- Origin: Houston, Texas, U.S.
- Genres: Harsh noise wall, power electronics, drone
- Occupation: Musician
- Years active: 1989–present
- Labels: Deadline Recordings, Next Halloween

= Richard Ramirez (musician) =

American noise musician

Richard Ramirez is an American noise music artist originally from Houston, Texas, recording and performing both as a solo artist and as part of several groups, including Black Leather Jesus, Priest in Shit, An Innocent Young Throat-Cutter, House of the Black Death, Martyr of Sores, Last Rape and the "static noise" solo project Werewolf Jerusalem.
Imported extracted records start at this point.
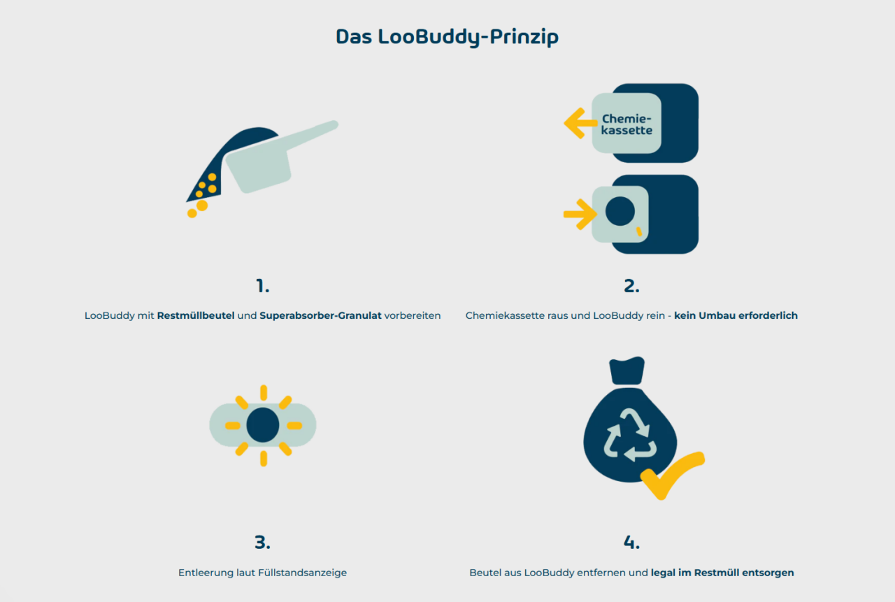 Die LooBuddy wird dabei mit einem Plastikbeutel versehen. Einen handelsüblichen Restmüllbeutel in die LooBuddy-Kassette legen – Superabsorber-Granulat mit dem Portionierlöffel dazu – das verfestigt später den Urin.
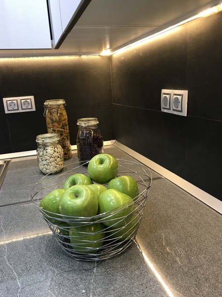 en una de las paredes, pones todos los electrodomesticos, asi la medida sera igual en todo el paño.
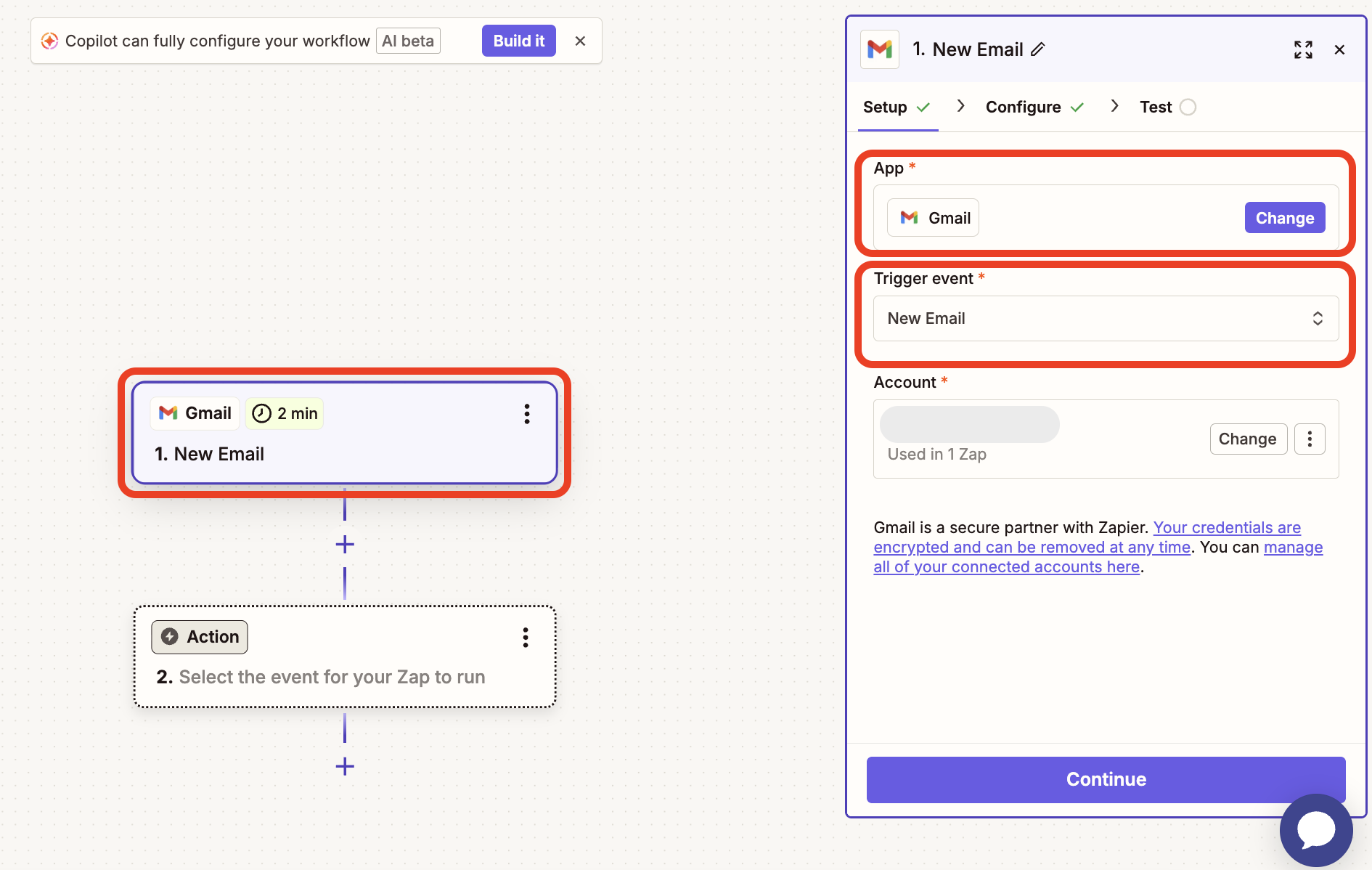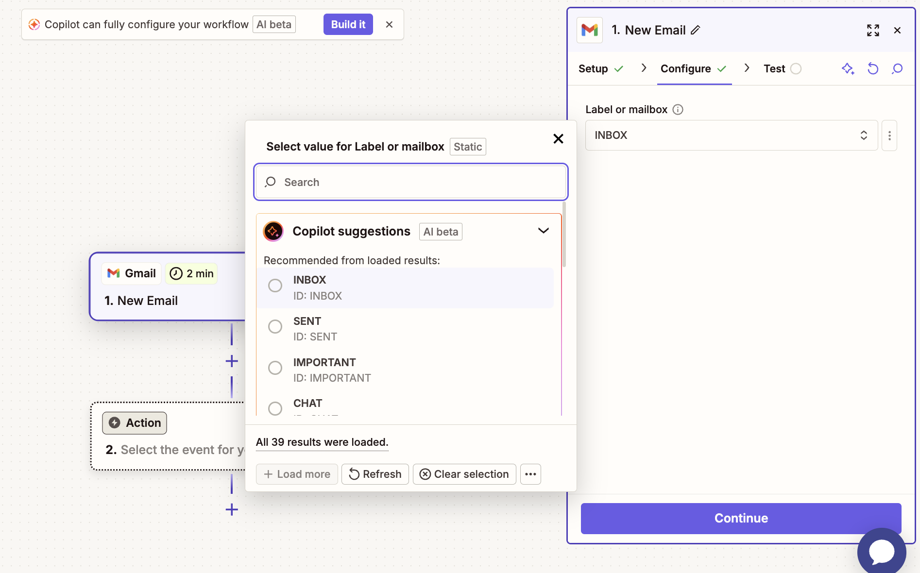 Pasul 4: În eventualitatea în care ai doar un anumit folder specific din Gmail din care vrei ca elementul declanșator să se pornească, îl vei putea selecta din zona de Configure. Alternativ, poți lăsa câmpul necompletat pentru o sincronizare globală. La final, apasă pe butonul Continue.

He is notable for being one of the earliest American harsh noise artists.

==Life==
He collaborated with Giovanni Mori, musician power noise, mind of the project L.C.B., his album Born (Old Europa Cafe in 2015) and has also made with L.C.B. an album on cassette entitled "Homo Sense" (Black Leather Jesus - Le Cose Bianche, Signora Ward Records).

Ramirez, as a part of the Black Leather Jesus, collaborates with his husband Sean E. Matzus. The project was founded by Richard Ramirez in 1989, who fronts the band alongside partner Sean E. Matzus and various other musicians assisting. At one point, the band had 14 members. The group's themes focus on S&M and the gay leather subculture. It was inspired by the kidnapping of Colleen Stan. Black Leather Jesus opened for Sonic Youth in Marfa, Texas in 2007. Black Leather Jesus has done releases with Merzbow, Incapacitants, Blue Sabbath Black Cheer, The Haters and M.S.B.R. among several others. The band is presently based near Pittsburgh, Pennsylvania.

==Style==
Ramirez draws a distinction between his relatively few professionally printed CDs and LPs and the many CD-Rs and tapes he produces for smaller record labels. He has done collaborations and split releases with many important figures in the noise field, including Merzbow, Emil Beaulieau, Kommissar Hjuler and Mama Baer, Skin Crime, The Haters, Prurient, Smell & Quim, Macronympha, Stabat Mors, Kenji Siratori, Sudden Infant, and MSBR.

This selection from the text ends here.